Determining if certain sets are vector spaces

1. Dec 13, 2011

csc2iffy

1. The problem statement, all variables and given/known data

The set of all pairs of real numbers of the form (1,x) with the operations:
(1,x)+(1,y)=(1,x+y) and k(1,x)=(1,kx) k being a scalar

Is this a vector space?

2. Relevant equations
(1,x)+(1,y)=(1,x+y) and k(1,x)=(1,kx)

3. The attempt at a solution
I verified most of the axioms hold, but I'm unsure about the additive identity.
Can it be something other than the zero vector?
My attempt, "O" being the additive identity
O=(1,0)
A+O=(1,x)+(1,0)=(1,x)
This means the additive inverse must equal (1,0)
A+(-A)=(1,x)+(-1,-x)=(1,x+(-x))=(1,0)
If this isn't right, then I know it doesn't hold. I'm just a little confused. Thanks for any help

2. Dec 13, 2011

Dick

That's all correct. You understand this very well. They defined the operations in a way that was maybe intended to confuse you. But you weren't confused. (1,0) is the 'zero' vector.

3. Dec 13, 2011

Office_Shredder

Staff Emeritus
If A=(1,x) then -A is (1,-x) not (-1,-x). Otherwise it looks like you've got it. You can imagine just chopping off the 1 here and describing the element (1,x) by just the number x. Then what you really have is just the standard real numbers

4. Dec 13, 2011

Dick

Ooops. Missed that.
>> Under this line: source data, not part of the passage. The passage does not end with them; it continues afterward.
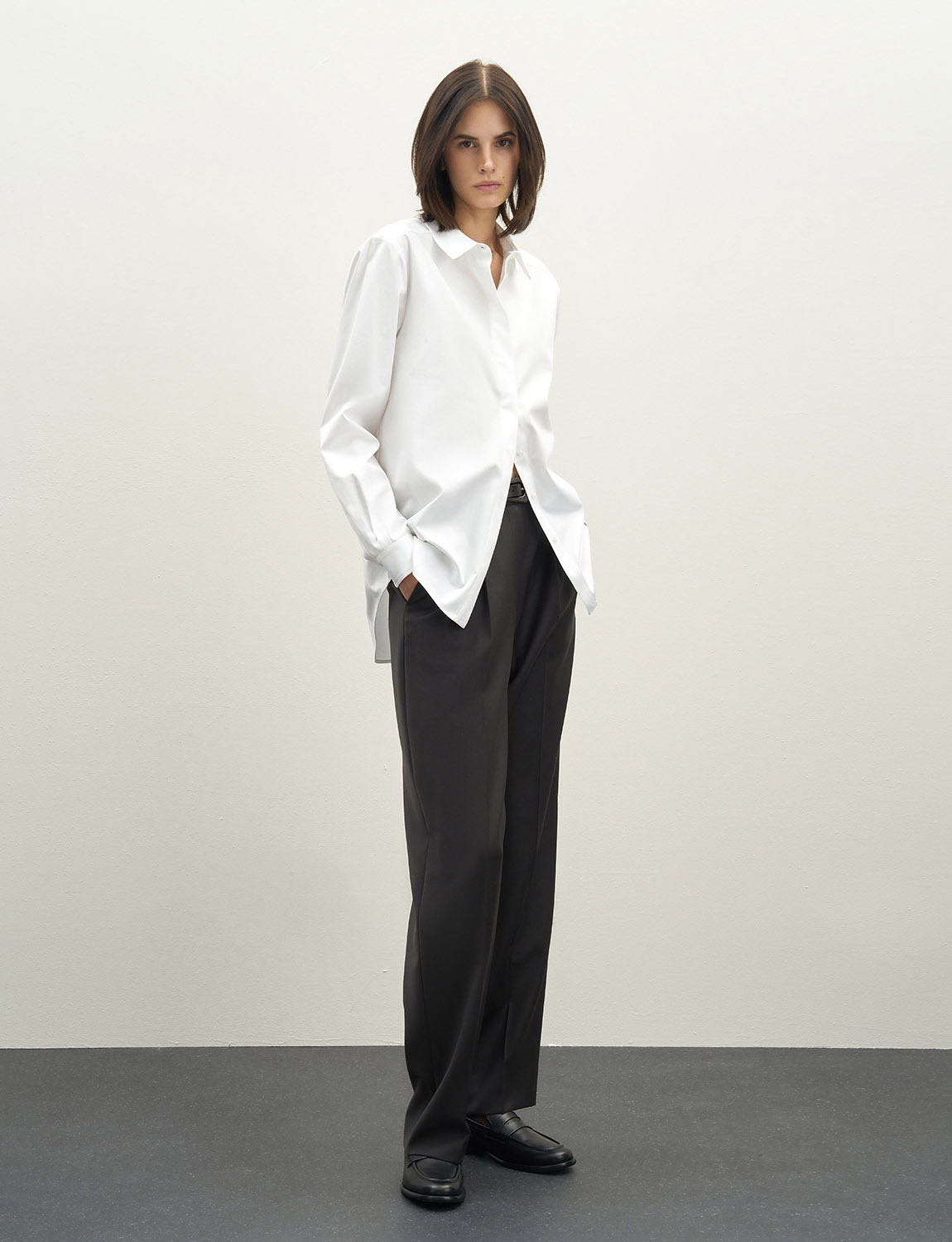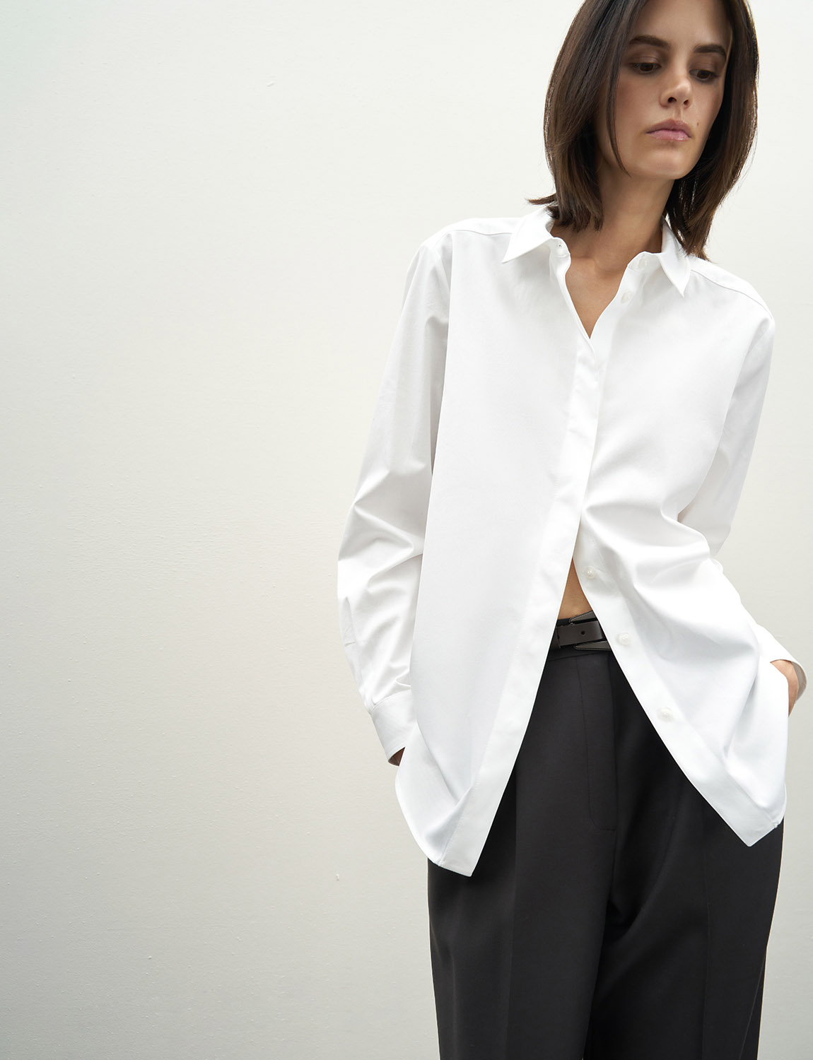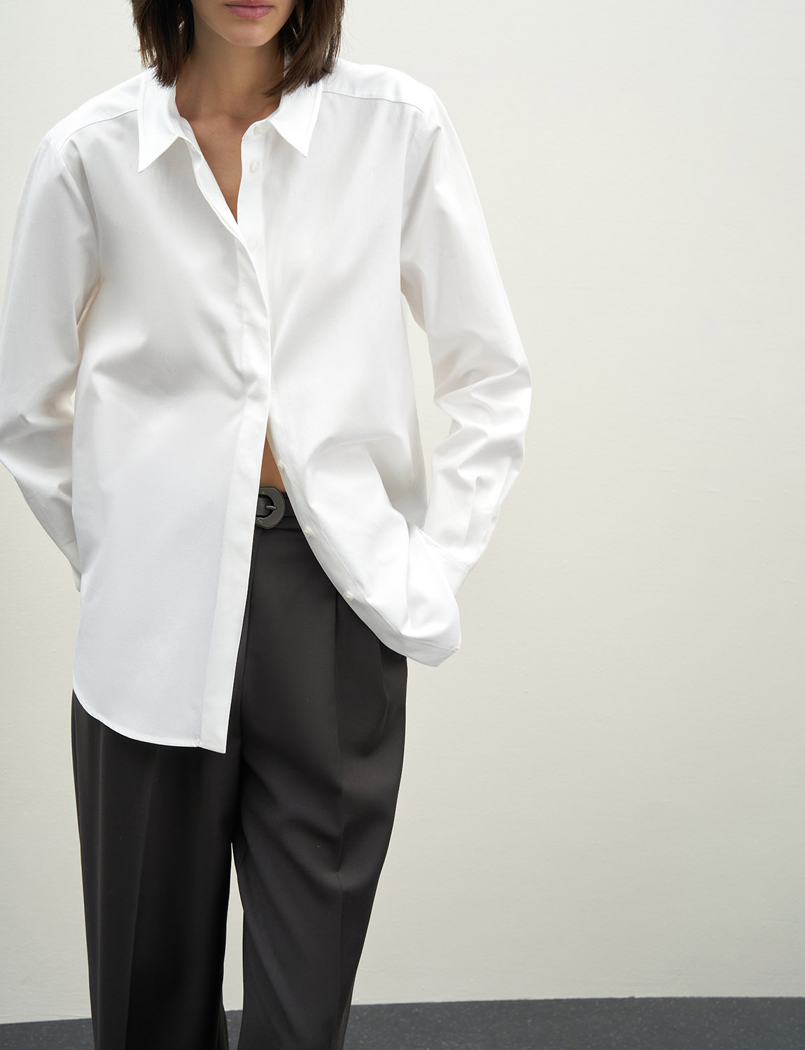 Базовая хлопковая рубашка оверсайз. Классический ворот, застежка на пуговицы со скрытой планкой, манжеты на рукавах. Благодаря натуральному составу ткани, рубашка приятна телу, свободно сидит по фигуре и подойдет под любой её тип. Стильно сочетается с кэжуал образами - джинсами, лоферами или кедами, а также с классическими брюками, юбками и жакетами. Универсальный и незаменимый вариант для работы и офиса, деловых встреч и повседневной жизни. На модели размер S. Параметры модели: рост 179, 75-59-87.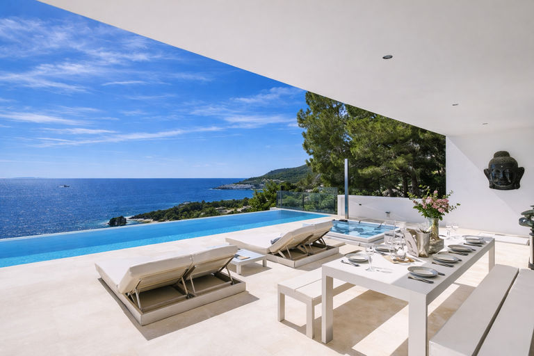 Alquiler de villa de lujo vacacional en Ibiza con vistas al mar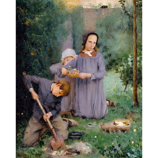 Children Burying a Bird Black Modern Wood Framed Art Print with Double Matting by Weir, J Alden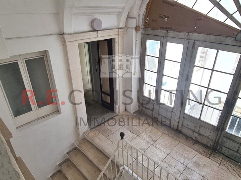 Allocata in un palazzo signorile in pieno centro storico di Martina franca, con un suggestivo affaccio sulla basilica di San Martino e sulla sottostante e affascinante piazza Plebiscito, proponiamo la vendita di una antica dimora posta al secondo piano, asservita da un elegante e ampio androne nel quale sussiste una grande vetrata tipica dei primi del novecento, che illumina la bellissima scalinata interna.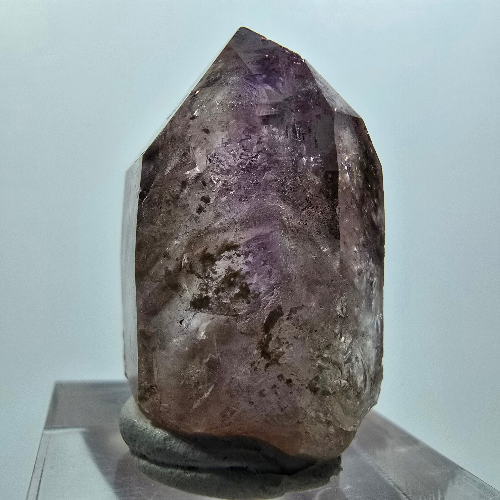 Rare pointe de cristal d'améthyste transparente, brun-violette, provenant de Goboboseb, en Namibie. Unique de par sa forme de sceptre et sa surface squelettique particulière, ornée d'inclusions en forme de fenêtres, elle révèle de magnifiques inclusions fantômes à l'intérieur, lui conférant un caractère exceptionnel.

Thanks for being careful.

5. Dec 13, 2011

SammyS

Staff Emeritus
Sort of OK. Besides the correction above, the wording needs a little work.
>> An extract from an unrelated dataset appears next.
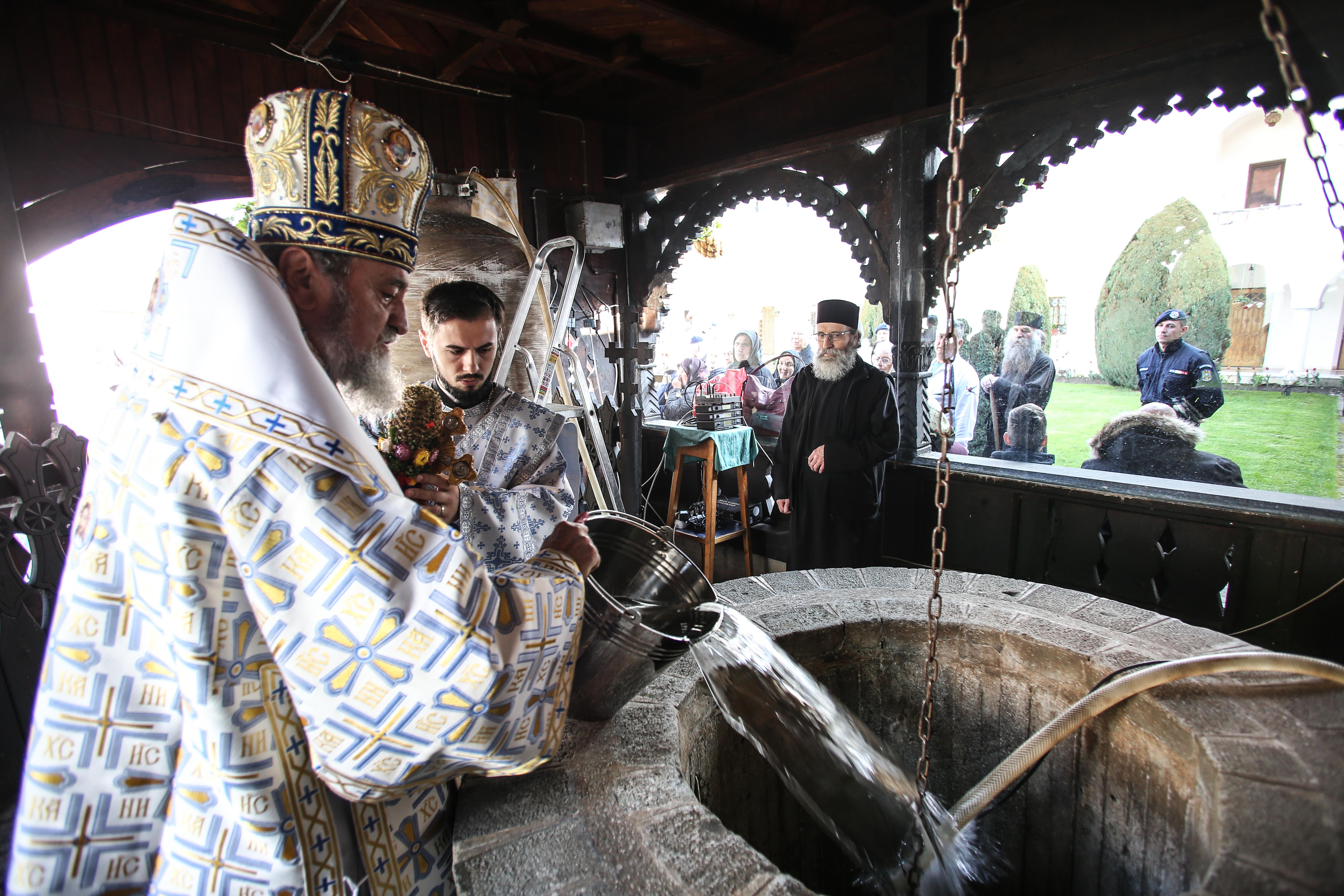 La vechea fântână a mănăstirii a fost oficiată slujba de sfințire a apei de un sobor de preoți și diaconi condus de Înaltpreasfințitul Laurențiu, Arhiepiscopul Sibiului și Mitropolitul Ardealului, alături de Preasfințitul Ilarion Făgărășanul, Episcopul-vicar al Arhiepiscopiei Sibiului. Credincioșii au luat apa sfințită pentru a gusta din ea și pentru a-și binecuvânta casele și gospodăriile.

The sentence "This means the additive inverse must equal (1,0) ." should be changed to something like: "This means when the additive inverse of any number pair is added to that number pair, the result is (1,0)."

6. Dec 13, 2011

csc2iffy

Thank you all for the very quick responses!! That makes me feel so much better... I have a final coming up on this :)